> [Extracted records]:
.....
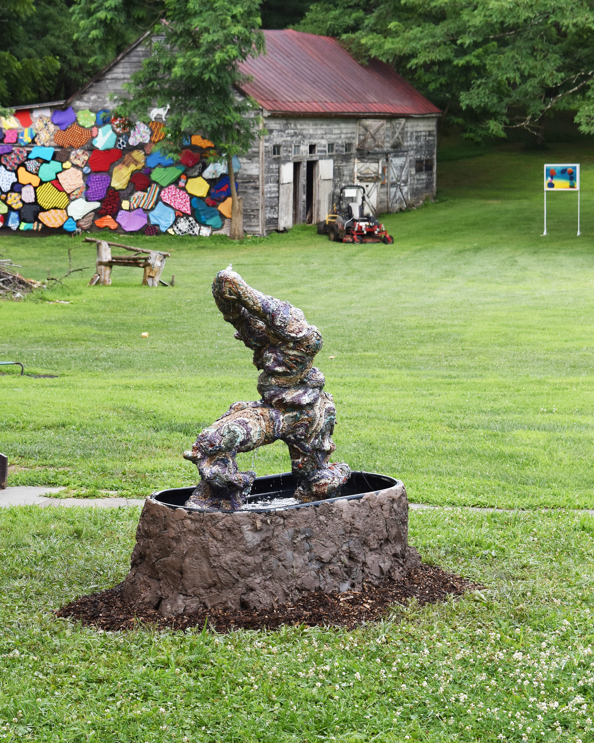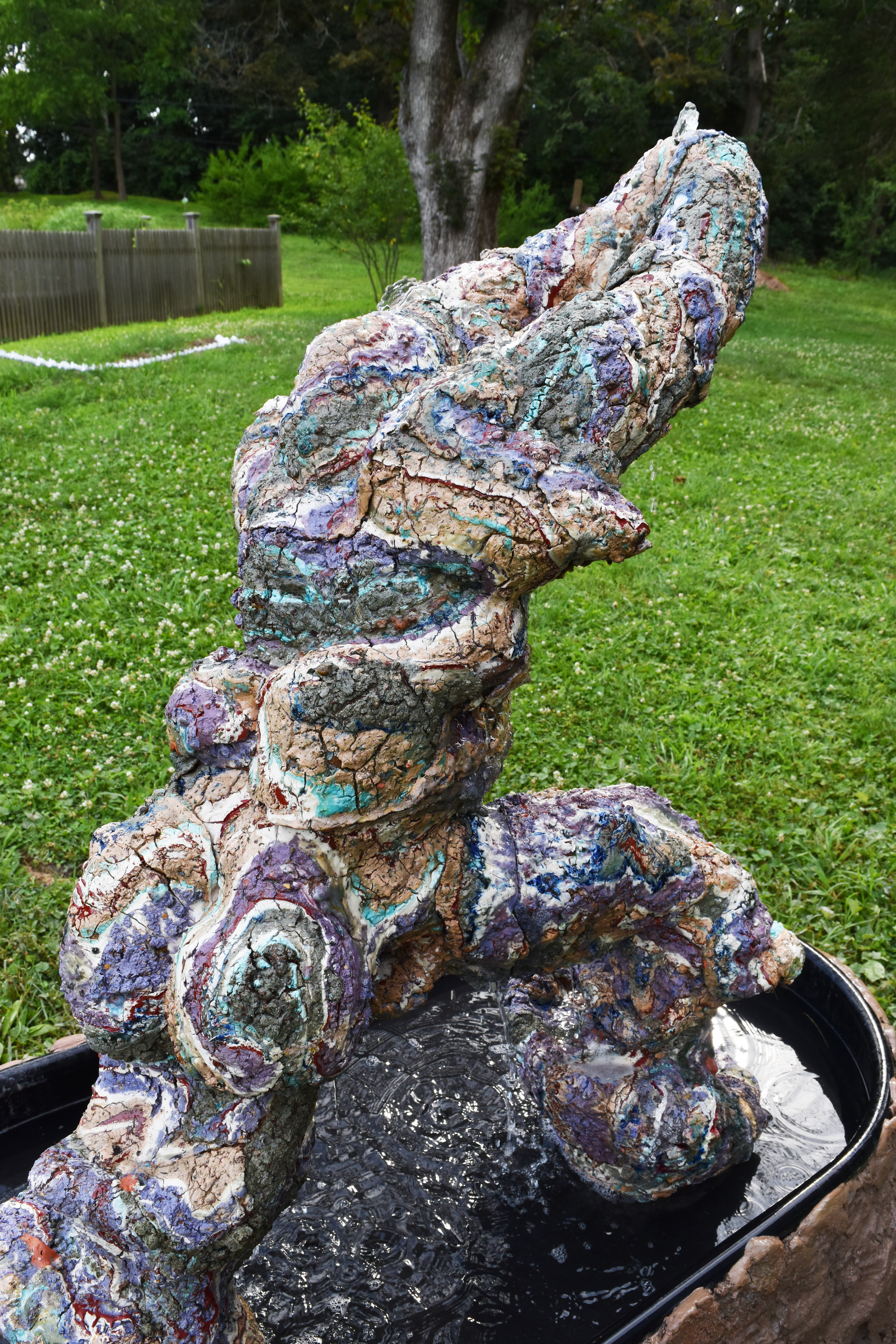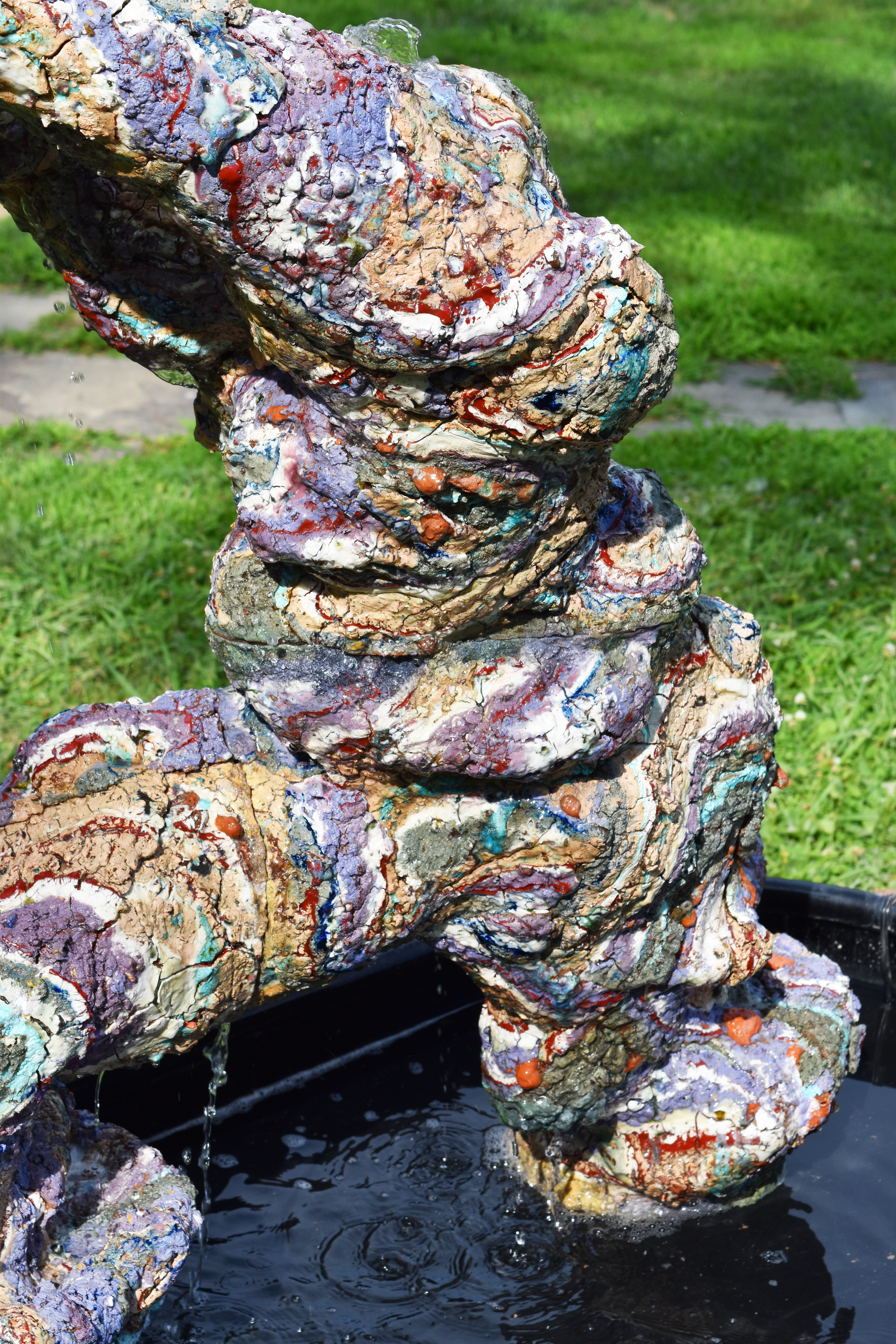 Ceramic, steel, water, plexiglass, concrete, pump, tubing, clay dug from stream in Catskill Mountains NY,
.....
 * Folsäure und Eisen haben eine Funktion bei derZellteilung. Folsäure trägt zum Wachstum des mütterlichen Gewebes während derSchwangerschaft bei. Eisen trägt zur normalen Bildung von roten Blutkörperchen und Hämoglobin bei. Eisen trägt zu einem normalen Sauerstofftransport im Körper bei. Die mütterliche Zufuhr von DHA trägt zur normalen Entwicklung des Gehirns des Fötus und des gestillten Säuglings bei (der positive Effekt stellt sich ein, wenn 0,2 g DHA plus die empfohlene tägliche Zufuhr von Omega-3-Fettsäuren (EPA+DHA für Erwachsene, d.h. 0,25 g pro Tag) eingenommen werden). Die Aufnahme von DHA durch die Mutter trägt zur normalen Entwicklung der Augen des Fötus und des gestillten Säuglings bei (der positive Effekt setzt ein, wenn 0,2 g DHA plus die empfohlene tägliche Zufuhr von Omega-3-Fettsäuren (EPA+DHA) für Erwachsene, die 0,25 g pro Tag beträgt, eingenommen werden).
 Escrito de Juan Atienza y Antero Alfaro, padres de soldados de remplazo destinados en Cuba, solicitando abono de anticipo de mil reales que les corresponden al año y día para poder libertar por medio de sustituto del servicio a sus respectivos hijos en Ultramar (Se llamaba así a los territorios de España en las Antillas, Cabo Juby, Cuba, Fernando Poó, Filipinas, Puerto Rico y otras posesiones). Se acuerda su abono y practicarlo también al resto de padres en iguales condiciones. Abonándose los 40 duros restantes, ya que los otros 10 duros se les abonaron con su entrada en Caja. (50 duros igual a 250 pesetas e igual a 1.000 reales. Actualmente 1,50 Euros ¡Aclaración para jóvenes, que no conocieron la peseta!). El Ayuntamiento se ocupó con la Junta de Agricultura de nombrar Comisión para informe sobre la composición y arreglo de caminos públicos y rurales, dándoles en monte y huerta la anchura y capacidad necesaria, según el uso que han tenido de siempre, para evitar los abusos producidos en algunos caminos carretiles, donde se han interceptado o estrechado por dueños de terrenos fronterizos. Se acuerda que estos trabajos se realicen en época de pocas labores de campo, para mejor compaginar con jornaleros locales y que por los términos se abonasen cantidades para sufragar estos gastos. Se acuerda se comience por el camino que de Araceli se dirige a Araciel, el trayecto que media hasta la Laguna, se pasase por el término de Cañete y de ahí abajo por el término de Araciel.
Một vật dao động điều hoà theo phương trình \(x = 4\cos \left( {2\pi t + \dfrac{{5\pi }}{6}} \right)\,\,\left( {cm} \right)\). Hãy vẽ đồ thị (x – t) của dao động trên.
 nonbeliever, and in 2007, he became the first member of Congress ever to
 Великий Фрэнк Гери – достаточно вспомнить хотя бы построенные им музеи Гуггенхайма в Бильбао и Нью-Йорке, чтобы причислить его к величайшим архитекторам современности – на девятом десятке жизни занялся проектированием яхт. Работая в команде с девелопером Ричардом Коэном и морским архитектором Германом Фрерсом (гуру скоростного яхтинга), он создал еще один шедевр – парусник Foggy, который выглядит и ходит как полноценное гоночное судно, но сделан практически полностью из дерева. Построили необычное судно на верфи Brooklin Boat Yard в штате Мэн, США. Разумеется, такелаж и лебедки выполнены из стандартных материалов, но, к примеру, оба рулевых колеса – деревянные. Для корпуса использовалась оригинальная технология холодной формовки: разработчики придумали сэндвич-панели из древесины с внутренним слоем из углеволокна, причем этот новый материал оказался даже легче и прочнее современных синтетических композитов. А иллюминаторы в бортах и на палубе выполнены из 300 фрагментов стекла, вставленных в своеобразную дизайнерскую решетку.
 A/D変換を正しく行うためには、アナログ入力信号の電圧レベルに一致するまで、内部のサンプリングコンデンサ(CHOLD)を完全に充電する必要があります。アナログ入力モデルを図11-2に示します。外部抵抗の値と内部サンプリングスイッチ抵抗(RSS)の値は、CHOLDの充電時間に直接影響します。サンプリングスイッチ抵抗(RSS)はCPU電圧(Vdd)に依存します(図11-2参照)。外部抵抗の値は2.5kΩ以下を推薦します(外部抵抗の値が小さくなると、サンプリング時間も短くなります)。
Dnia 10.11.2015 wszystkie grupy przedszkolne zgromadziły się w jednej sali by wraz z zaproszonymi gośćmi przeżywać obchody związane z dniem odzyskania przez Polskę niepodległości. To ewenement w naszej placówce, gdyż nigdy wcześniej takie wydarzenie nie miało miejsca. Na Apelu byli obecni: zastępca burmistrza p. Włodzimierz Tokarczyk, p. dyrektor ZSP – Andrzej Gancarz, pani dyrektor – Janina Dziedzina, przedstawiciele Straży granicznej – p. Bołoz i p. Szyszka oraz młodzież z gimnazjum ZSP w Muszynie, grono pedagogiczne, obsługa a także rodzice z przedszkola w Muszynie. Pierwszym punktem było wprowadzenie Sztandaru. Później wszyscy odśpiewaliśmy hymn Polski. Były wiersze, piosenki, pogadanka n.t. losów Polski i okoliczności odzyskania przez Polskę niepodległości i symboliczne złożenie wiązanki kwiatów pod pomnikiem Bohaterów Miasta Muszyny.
.....
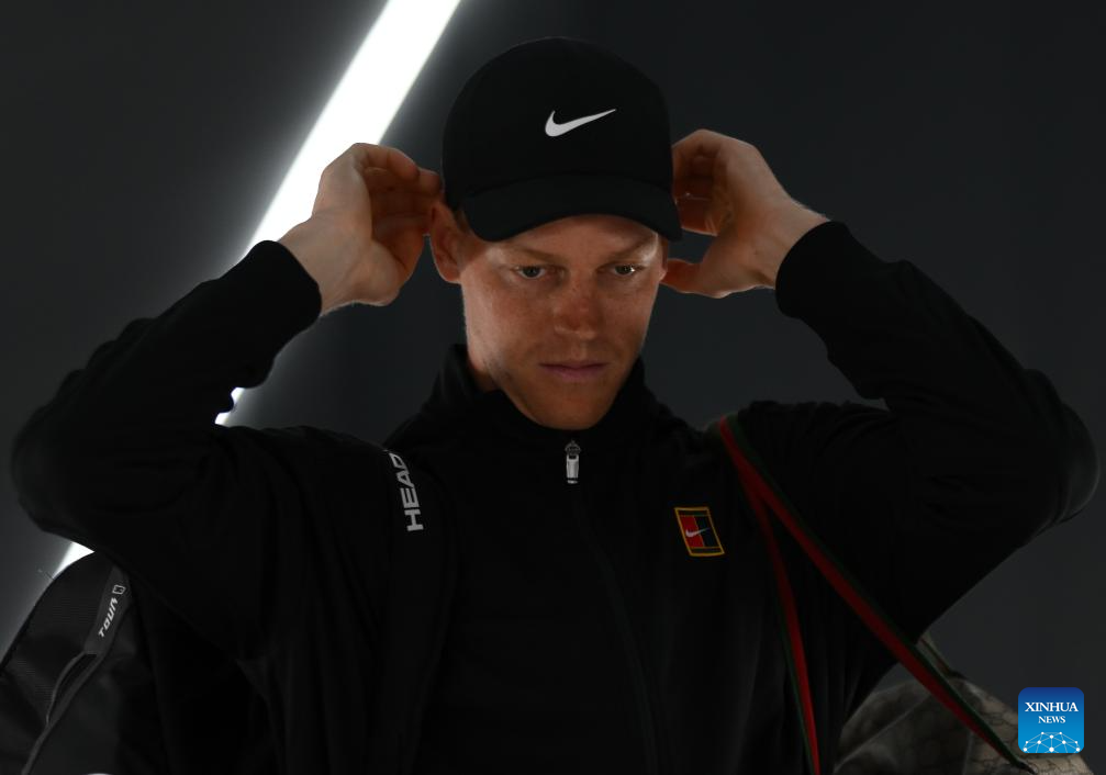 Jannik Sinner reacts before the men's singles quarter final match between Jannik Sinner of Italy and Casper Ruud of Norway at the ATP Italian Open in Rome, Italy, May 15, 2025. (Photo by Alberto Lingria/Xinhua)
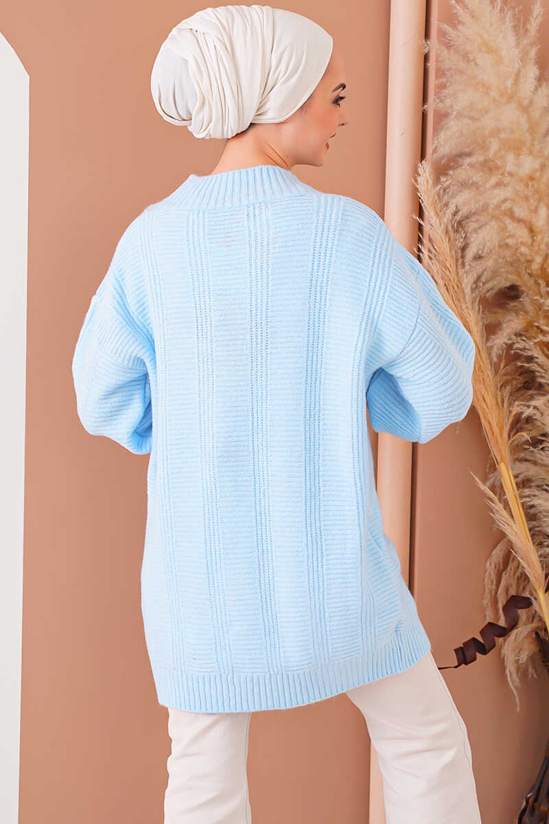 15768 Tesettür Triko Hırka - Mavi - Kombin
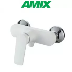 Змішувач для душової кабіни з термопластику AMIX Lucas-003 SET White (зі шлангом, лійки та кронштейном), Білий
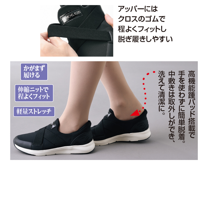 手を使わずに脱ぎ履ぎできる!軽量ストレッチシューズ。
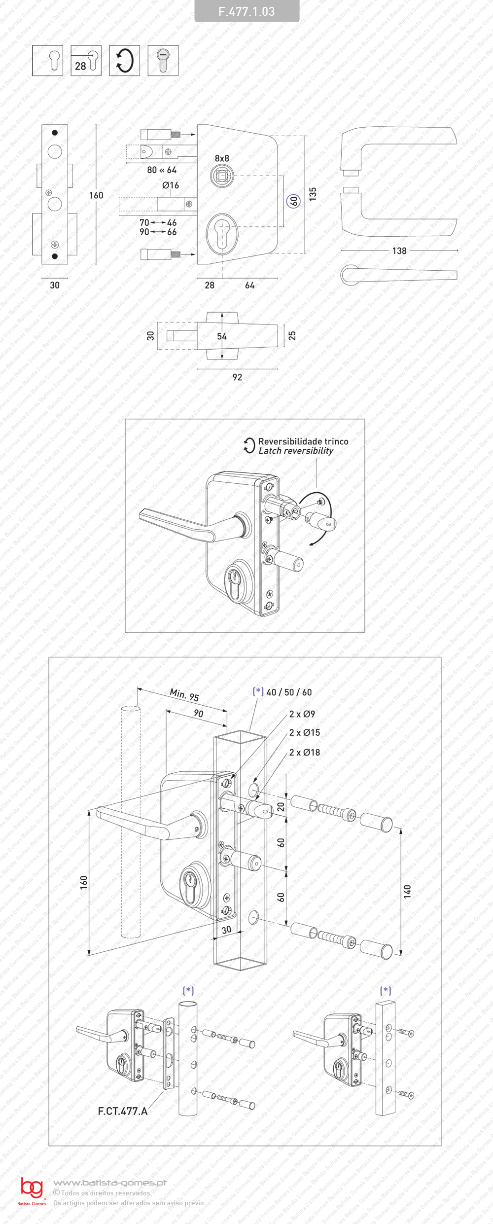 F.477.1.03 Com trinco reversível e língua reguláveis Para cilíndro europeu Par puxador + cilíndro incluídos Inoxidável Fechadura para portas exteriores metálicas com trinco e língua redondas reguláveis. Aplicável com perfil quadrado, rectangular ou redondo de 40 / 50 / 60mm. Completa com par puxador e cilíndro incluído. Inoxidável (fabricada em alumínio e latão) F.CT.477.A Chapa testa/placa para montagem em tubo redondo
.....
> [What the task requires]:
Beginning with the line that contains "Jannik Sinner reacts" and ending with the line that contains "F.477.1.03 Com trinco", reproduce the listing exactly, pictures excluded.

> [Expected answer]:
 Jannik Sinner reacts before the men's singles quarter final match between Jannik Sinner of Italy and Casper Ruud of Norway at the ATP Italian Open in Rome, Italy, May 15, 2025. (Photo by Alberto Lingria/Xinhua)
 15768 Tesettür Triko Hırka - Mavi - Kombin
 Змішувач для душової кабіни з термопластику AMIX Lucas-003 SET White (зі шлангом, лійки та кронштейном), Білий
 手を使わずに脱ぎ履ぎできる!軽量ストレッチシューズ。
 F.477.1.03 Com trinco reversível e língua reguláveis Para cilíndro europeu Par puxador + cilíndro incluídos Inoxidável Fechadura para portas exteriores metálicas com trinco e língua redondas reguláveis. Aplicável com perfil quadrado, rectangular ou redondo de 40 / 50 / 60mm. Completa com par puxador e cilíndro incluído. Inoxidável (fabricada em alumínio e latão) F.CT.477.A Chapa testa/placa para montagem em tubo redondo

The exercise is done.